I can agree to the proposal of Richard Haselgrove.

The only thing that is not completely right is the maximum cache size.

It is 10 days of connection interval + 10 days of additional cache for a total of 20 days. I don't think many people will have this setting but is it theoretical possible. So I think 1 month is the better cut off time.
ID: 646610 · Report as offensive
1mp0£173
Volunteer tester

Send message
Joined: 3 Apr 99
Posts: 8423
Credit: 356,897
RAC: 0
United States
Message 646622 - Posted: 22 Sep 2007, 16:25:23 UTC - in response to Message 646547.  

Everyone - please remember that there may be reasons why a person "drops out" of SETI other than getting tired of the project or the project's woes...

I would suggest that the vast majority of crunchers are not even aware of the "project's woes."

BOINC is loaded, and otherwise ignored.

ID: 646622 · Report as offensive
DJStarfox

Send message
Joined: 23 May 01
Posts: 1066
Credit: 1,226,053
RAC: 2
United States
Message 646714 - Posted: 22 Sep 2007, 20:53:48 UTC - in response to Message 646456.  

The BOINC system needs a heartbeat detector so that if someone doesn't make *any* contact at all for a week, then all uncrunched WUs are returned to the pool.


A week is to short. I have a old host that does about 1 wu per day.
But recently it downloaded a Einstein result and went into EDF for 2 weeks because of the short return time of these huge things.

A heartbeat detector is in principle ok but it should look at a interval of at least a month.


A week isn't too short, you'll still be contacting the server occasionally while processing a long WU.

A heartbeat is just to say "I'm here and working", and probably a daily event. If you do 1 WU a day, and a 2 day cache, then you'll have 2-3 WUs in your queue. If you run continously then most that anyone would wait for your results is 2-3 days.

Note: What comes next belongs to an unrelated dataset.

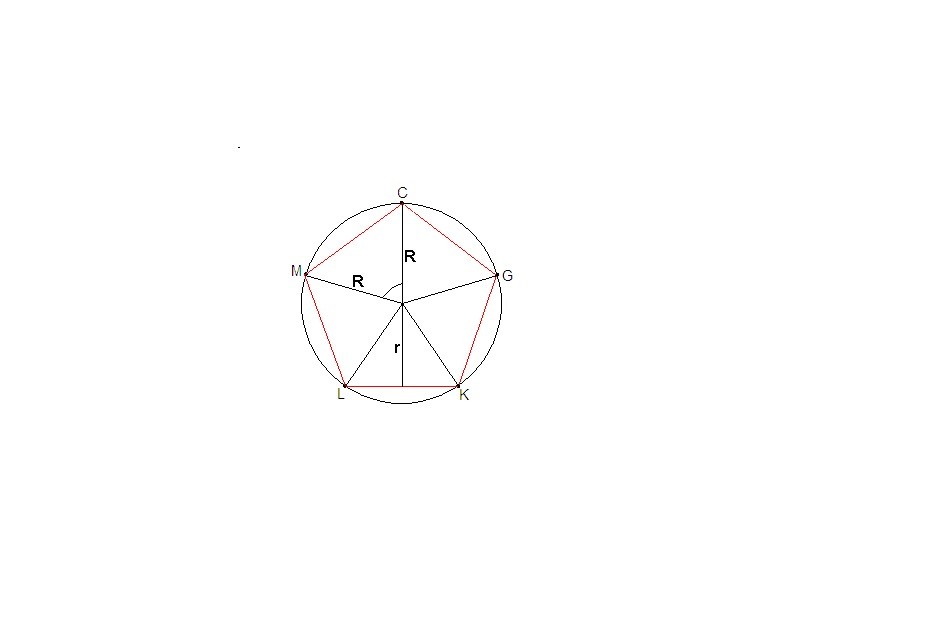 S = 5 · (1/2 R² · sin(360°/5)) = 5/2 R² · sin72°

If you run 8 hours a day, then the most anyone would wait is 8-9 days.

If you take on Einstein too, and can't complete your seti cache, then they should be returned to the pool in advance of the deadline. It is really no big deal to give up unprocessed WUs.

If your host contacts SETI daily, then it will know you're alive and could extend the deadline for a WU *in progress* and could even extend deadlines for cached WUs, though this situation should never arise as they should have been returned.

If you switch off your machine for a week, and don't make any contact (regardless of WU size or machine power) then your queued WUs would return to the pool, and life goes on for everyone else. You get new ones when you reconnect, but of course lose the one that the machine was working on.

If you do plan to go away without the machine, then set no new work, otherwise try to suspend after a WU has completed.

Perhaps an AWAY button would be an idea to return queued WUs to the pool, while allowing the current WU to complete.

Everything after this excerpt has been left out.